Ceux qui ont eu la chance de la voir sur scène s’en souviennent encore. Le 12 juillet 2025, Dee Dee Bridgewater venait enflammer la scène de Marseille Jazz des Cinq Continents afin de présenter son quarter 100% féminin, « We Exist!« . L’occasion pour elle de prouver une nouvelle fois que Dee Dee Bridgewater n’est pas qu’une brillante chanteuse de jazz : c’est aussi une femme engagée, qui revendique fièrement et fermement sa liberté. D’ailleurs, elle est la première à le dire : c’est en Europe qu’elle en a pris le chemin. Notamment en France, et plus particulièrement à Marseille, ville très chère à son cœur.
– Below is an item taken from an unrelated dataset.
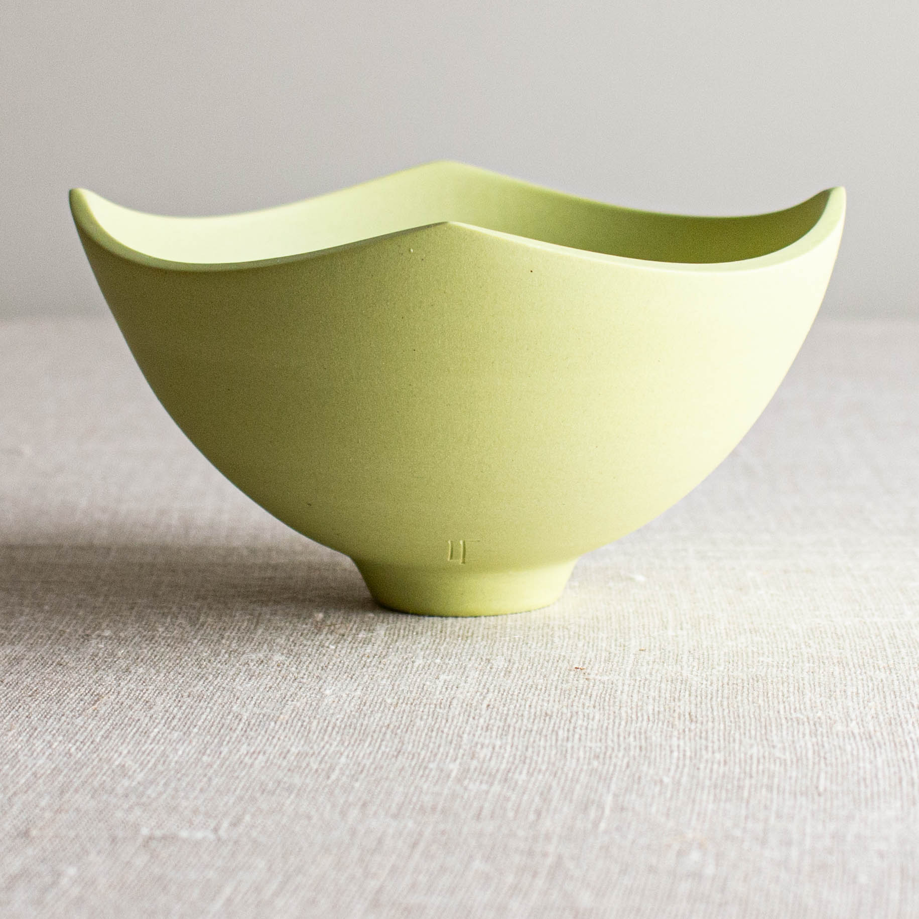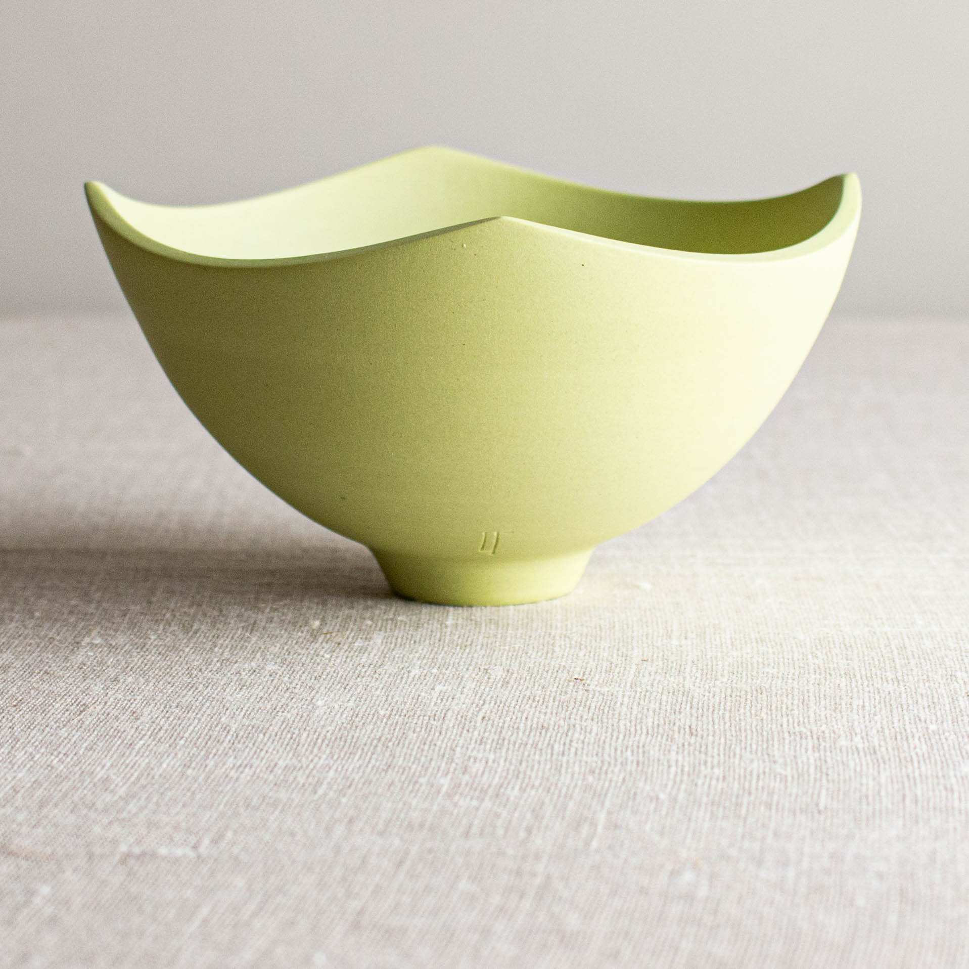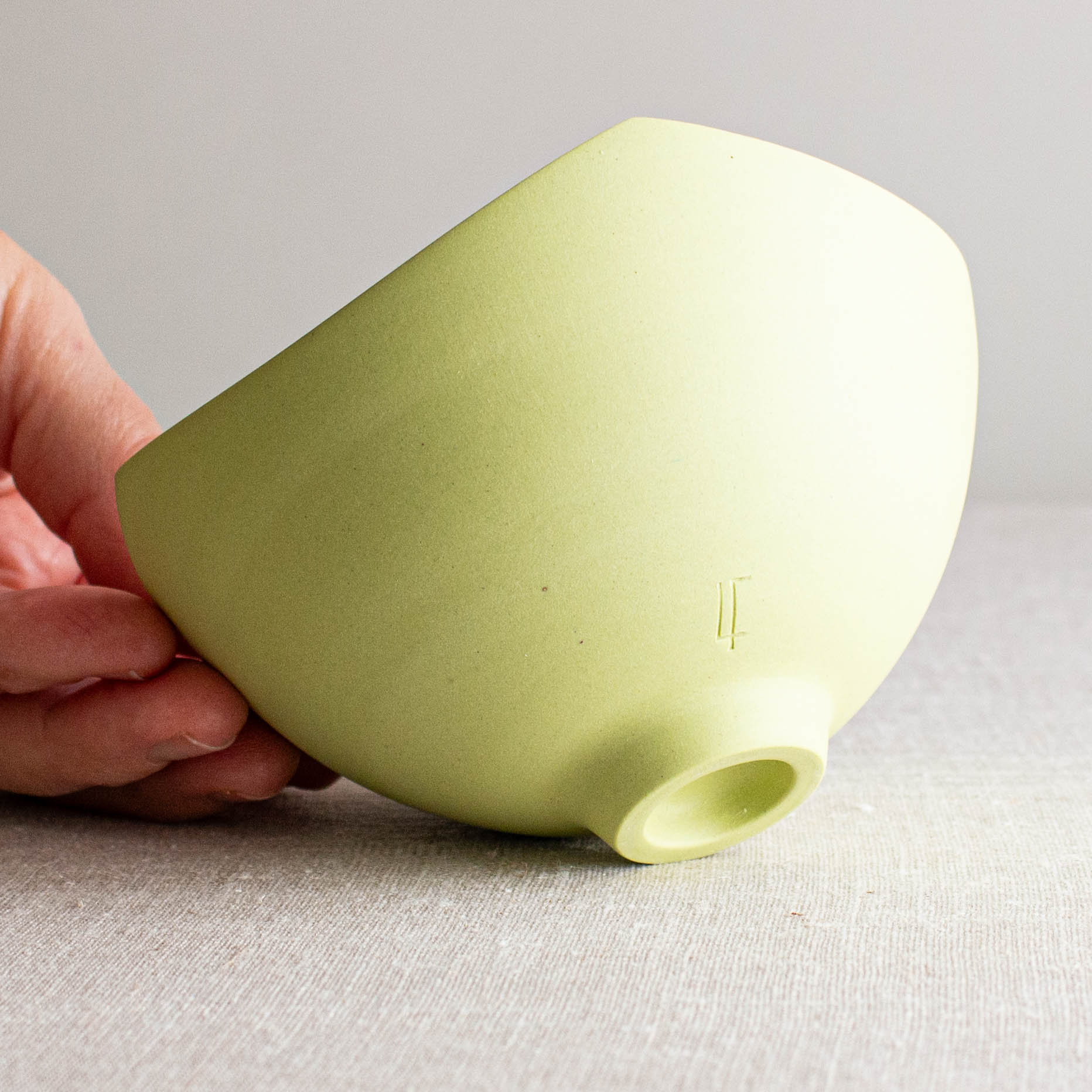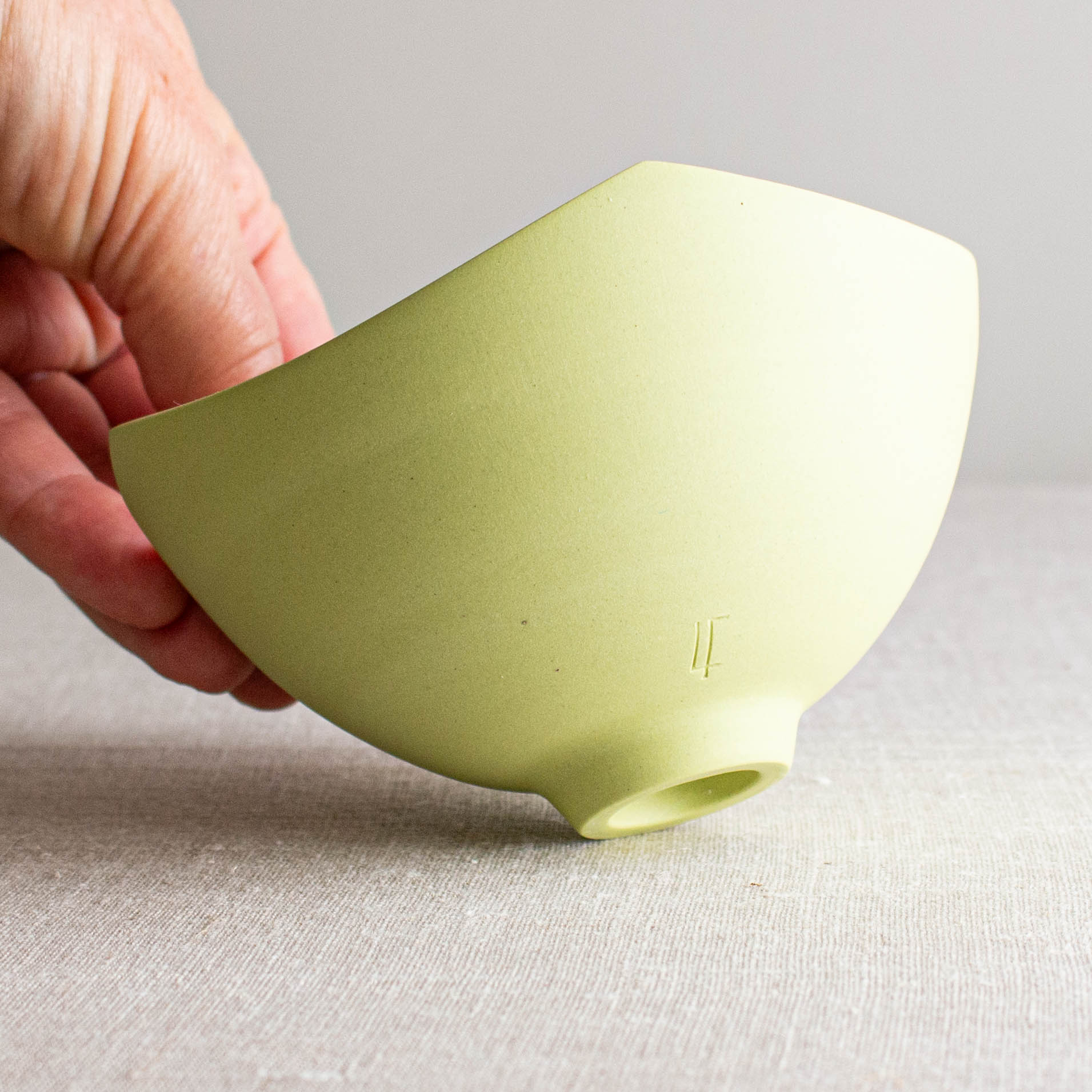Chartreuse colored porcelain, made in my studio from recycled trimmings and mason stain. Wheel thrown and unglazed. Smooth, matte and glowing surface.

« Cette ville a beaucoup d’âme, et je le sens très fortement » – Dee Dee Bridgewater
Ce n’est pas la première fois qu’elle se produit sur une scène marseillaise, mais comme à chaque fois, cela reste magique. À chaque passage, c’est une vibration particulière, une résonance intime qu’elle ressent.
« C’est une ville qui m’a toujours touchée. » – Dee Dee Bridgewater
Car Dee Dee Bridgewater a fait un choix de cœur et de vie : celui de la France. Elle y a vécu vingt-quatre ans, y a trouvé une terre d’expression, de reconnaissance, de transformation.
« En France, j’ai toujours pu tout faire, tout ce que j’avais envie de faire. Il n’y avait jamais quelqu’un pour me dire non » – Dee Dee Bridgewater
Une liberté rare, surtout lorsqu’on est une femme noire, américaine, et que l’on souhaite sortir des cases toutes faites, même dans le jazz. Une liberté qu’elle oppose à celle, plus fragile, de son pays d’origine, les Etats-Unis :
« Aujourd’hui, c’est très dangereux pour moi, en tant que femme noire américaine, de parler directement des choses. » – Dee Dee Bridgewater
Alors, elle choisit la musique pour s’exprimer. Sur scène, elle incarne cette voix qui dit l’indicible, qui porte les combats sans discours mais avec puissance. C’est pour cette raison qu’elle a décidé de s’accompagner de trois femmes dans son quartet, avec Carmen Staaf au piano, Rosa Brunello à la basse, et Shirazette Tinnin à la batterie. Un message fort, qu’elle revendique fièrement.
« Dans le jazz, c’est un monde de patriarcat. Il est temps. […] Si moi, avec toute ma carrière, je me présente avec des femmes, je pense que ça a beaucoup plus de pouvoir. » – Dee Bridgewater
Un pouvoir, qu’elle met au service d’un héritage : celui qu’elle a reçu de ses idoles, comme Nina Simone, Abbey Lincoln ou Roberta Flack. Des figures tutélaires, des pionnières, qui l’ont toujours inspirée.
« Elles n’avaient pas peur de s’exprimer, d’être critiquées. Elles restaient fidèles à ce qu’elles croyaient. » – Dee Dee Bridgewater
Émue, Dee Dee Bridgewater se souvient de ce qu’elle a pu ressentir en découvrant Nina Simone pour la première fois à la télévision, pieds nus, drapée de tissu africain, reine noire et puissante.
« Je me suis dit : moi, je veux être comme elle. » – Dee Dee Bridgewater
Aujourd’hui, à son tour, elle transmet. Elle chante, elle raconte, elle partage avec les plus jeunes. Dans sa voix, il y a le combat, l’amour, la tendresse, l’histoire. Et cette certitude : que la musique, quand elle est sincère, peut encore changer le monde.